An Overview of Compiler Based Cache Optimization Techniques

Authors
Virendra Kumar Gautam¹, Dr. P K Singh²
¹M. Tech Dept. of Computer Science and Engg. MMM University of Technology Gorakhpur, Uttar Pradesh
²Associate Professor Dept. of Computer Science and Engg. MMM University of Technology Gorakhpur, Uttar Pradesh
Email- vkgautam01@gmail.com, vkg.mmmut@gmail.com

ABSTRACT
Cache plays an important role in computer architecture. It provides data and instruction at a faster rate to increase the utilization of CPU. This paper comprises of concepts related to the memory hierarchy, cache memory, its organization and various techniques used to optimize cache to increase the performance of CPU. Computer architecture uses memory hierarchy to deal with the low memory bandwidth and latency of main memory access, at the end of this paper we are aware of cache and its various compiler based optimization in cache.

Keywords—Cache optimization; Cache miss; latency: bandwidth; memory hierarchy

1. INTRODUCTION
Cache memory is fast and expensive. Basically it is a buffer memory and fast. It kept those items which are most accessed by the programs. CPU performance is increase at 60 percent per year, whereas DRAM (main memory) performance is increase at average rate of 10 percent. So there is a large gap between the performances of these two, which makes CPU in ideal state. To hide the impact of this gap we use fast cache memory.
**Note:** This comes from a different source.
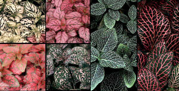 Fittonia.- Se cultiva principalmente F. verschaffeltii y sus variedades. Nativa de la zona andina de Perú, tiene un porte algo rastrero, con hojas redondeadas en los extremos y nerviación contrastante. Se cultivan las siguientes variedades: "Verschaffeltii", con nerviación rojo-rosa. "Pearcei", con nerviación carmín brillante. "Argyroneura", con nerviación blanca. Esta planta, como la anterior, requiere esmero en su cultivo dado su delicadeza.

It improves the performance of program execution by keeping the recently used data. If the data is found in cache it is called cache hit. Otherwise cache miss occur.[1][2] On cache miss the requested memory reference is fetch from main memory to cache. A number of work is done to reduce this cache miss occurred.

Cache is characterized mainly by the three parameters.
1. Block size 2. Capacity 3. Associativity

Block size: On cache miss how many contiguous bytes are fetched.
Capacity: Number of bytes that cache can hold.
Associativity: Associativity means the number of unique places in the cache a particular block reside. In full associativity, block has exactly one place.

In memory hierarchy a very fast memory that is access by the processor without delay and work at the speed of microprocessor itself i.e. register. Processor kept some intermediate produced data and data that are used in future.[1] After the register, cache memory comes. The cache that is present in the processor is called L1 cache. Cache on separate chip next to processor is called L2 cache. Sometime L3 cache is also used on separate chip.
2. ARCHITECTURE AND PERFORMANCE EVALUATION OF CACHE

Sometimes L1 and L2 cache is on the same chip and L3 on separate chip. L1 cache is divided into two parts L1 (data) which keeps the data and second part L1 (instruction) keeps the instructions that are recently used or mostly used by the processor.

![Memory Hierarchy Diagram](image)

Fig.1. Memory Hierarchy

Generally latency of L1 cache is mainly one or two cycle. The L1 cache is backup by the L2 cache. L2 cache provides data with the latency 5 to 10 cycle. L3 cache is off the chip there size is large in comparison to L1 and L2 cache. L3 cache provides data with a delay of 10 to 20 cycles.

3. LOCALITY OF REFERENCES

Cache is small and has few spaces to hold data and code. Due to its small and limited size it can hold copies of recently used data. Performance of cache is improved when data is reused before being replaced by other. Principle of locality of reference in cache is reason for reducing the executing time. This principle state that recently used data has higher chances to use in future. Locality is subdivided into two parts

1. Temporal locality
2. Spatial locality

If recently used data are chances to again access in near future then the sequence of references shows temporal locality. A sequence of references shows spatial locality if data located close together in address space have chances to access.

4. ASPECT OF CACHE MEMORY

Cache line in cache stored the data. Contiguous block of main memory are present in cache line. If CPU requested data searched in cache and if it found in cache line then it is called cache hit. If not found in cache line it is called cache miss. The requested memory block containing the requested word are fetched from a lower memory and copied to cache line. Mapping techniques are used to bring block from main memory to cache [2]. In direct mapping the main memory block content is placed into one cache line. Direct mapped cache is used in past and still it is used for off chip caches. In full associative memory block content placed in any cache line. In c-way set associative the C represent the number of cache line. Problem arise here which block is placed into which cache line and which block has to be replaced. This is decided by replacement strategy. Today we use least recently used LRU and random.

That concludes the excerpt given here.